L’étude était randomisée et contrôlée, les participants ne savaient donc pas quel type de boisson ils ont bue avant et après avoir fait de l’exercice. 83 % des participants ont déclaré ne pouvoir détecter de différences entre la boisson sucrée et la boisson placebo ou n’étaient pas en mesure d’identifier quelle boisson contenait du sucre. Il faut savoir que le sucre utilisé ici, la maltodextrine (amidon partiellement hydrolysé), a un pouvoir sucrant très faible et qu’il est par conséquent difficile à détecter.

Des prises de sang et des biopsies d’un muscle situé dans la cuisse (muscle vaste latéral) ont été faites avant et après l’intervention, afin de mesurer différents métabolites et protéines d’intérêt. Dans le sang ont a mesuré le glucose, glycérol, triglycérides, cholestérol-HDL et -LDL, insuline, C-peptide, acides gras, et dans le muscle vaste latéral, la composition en phospholipides, le contenu en protéines impliquées dans le transport du glucose, la signalisation de l’insuline et le métabolisme des lipides.

Comme on pouvait s’y attendre, le groupe témoin n’a pas amélioré ni sa forme physique ni sa sensibilité à l’insuline durant ces six semaines.

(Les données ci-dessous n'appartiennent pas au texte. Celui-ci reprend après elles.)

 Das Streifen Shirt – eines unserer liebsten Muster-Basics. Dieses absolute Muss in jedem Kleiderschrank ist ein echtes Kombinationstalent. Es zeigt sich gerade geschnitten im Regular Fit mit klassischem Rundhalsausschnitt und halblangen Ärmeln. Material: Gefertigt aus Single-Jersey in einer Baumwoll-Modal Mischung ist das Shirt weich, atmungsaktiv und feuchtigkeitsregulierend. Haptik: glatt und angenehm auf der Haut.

Au contraire, les deux autres groupes qui ont fait de l’exercice ont vu leur forme physique s’améliorer et leur tour de taille diminuer, bien que seulement quelques-uns des participants aient perdu du poids.

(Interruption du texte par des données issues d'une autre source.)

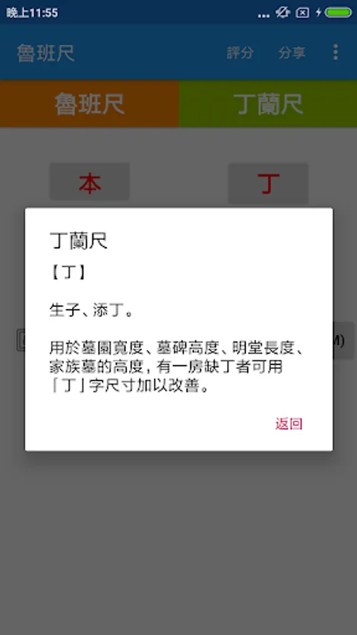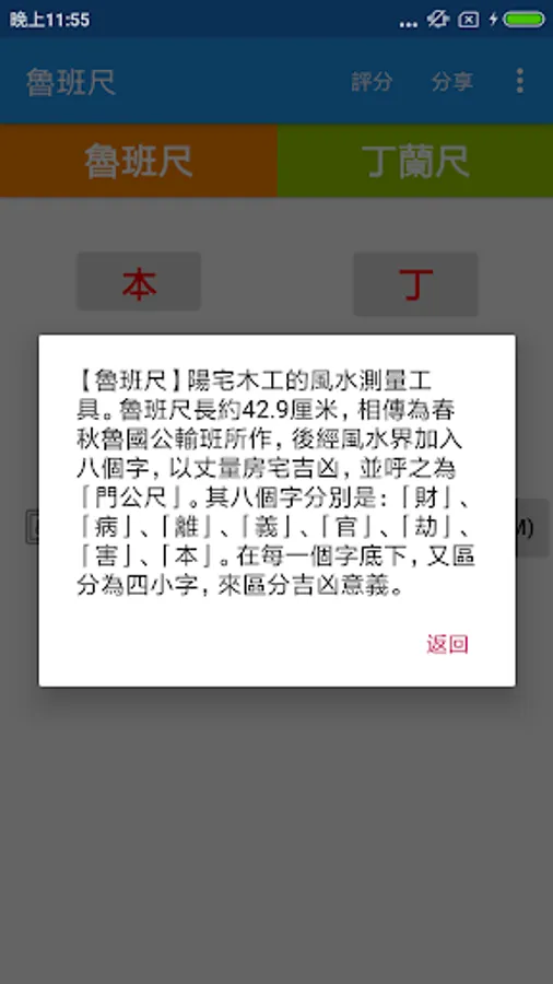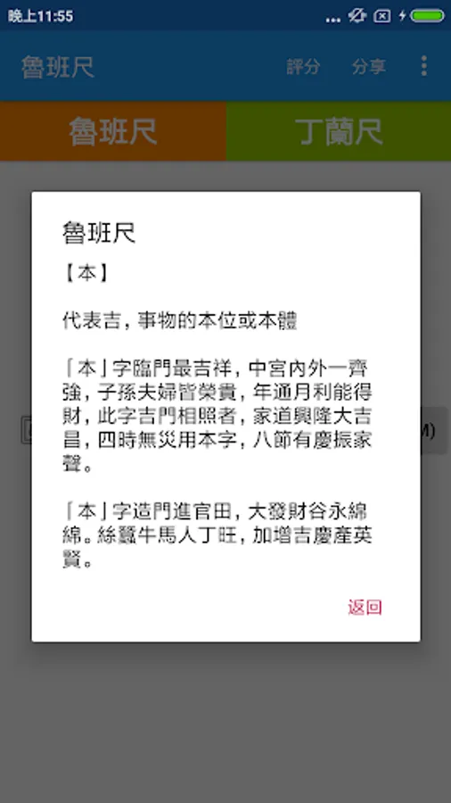 [Luban ruler] Feng Shui measurement tool for woodworking in Yangzhai. The Luban ruler is about 42.9 centimeters long. According to legend, it was made for the Spring and Autumn Lu Guogong class. After the eight words were added by Feng Shui, the house was measured and used as a "door ruler". The eight characters are: "Finance", "Illness", "Leave", "Yi", "Official", "Robbery", "harm" and "本本". Under each word, it is divided into four small characters to distinguish the meaning of good and bad.

Le résultat le plus marquant de l’étude est que les participants qui ont fait de l’exercice à jeun ont « brûlé » deux fois plus de lipides (gras) que ceux qui ont consommé une boisson sucrée avant la séance d’exercice. Les participants des deux groupes qui ont fait de l’exercice ont pourtant dépensé le même nombre de calories.

Les participants qui ont couru à jeun ont aussi vu leur sensibilité à l’insuline s’améliorer davantage et leurs muscles ont synthétisé de plus grandes quantités de certaines protéines (l’AMP-activated protein kinase, un senseur énergétique, et le transporteur de glucose GLUT4) impliquées dans la réponse des cellules musculaires à l’insuline et l’utilisation des sucres.

Les études sur l’exercice et la santé métabolique devront à l’avenir tenir compte du moment de la prise des repas. Puisqu’il n’est pas possible pour tous de faire de l’exercice le matin après la période de jeûne nocturne, il sera intéressant de vérifier s’il est possible d’obtenir les mêmes bénéfices métaboliques après une période de jeûne diurne plus courte, par exemple lorsqu’on fait de l’exercice en début de soirée et que l’on a sauté le repas du midi. Il ne faut toutefois pas oublier que n’importe quelle activité physique (marche, tâches ménagères, etc.), pratiquée à n’importe quel moment de la journée, est bénéfique pour la santé.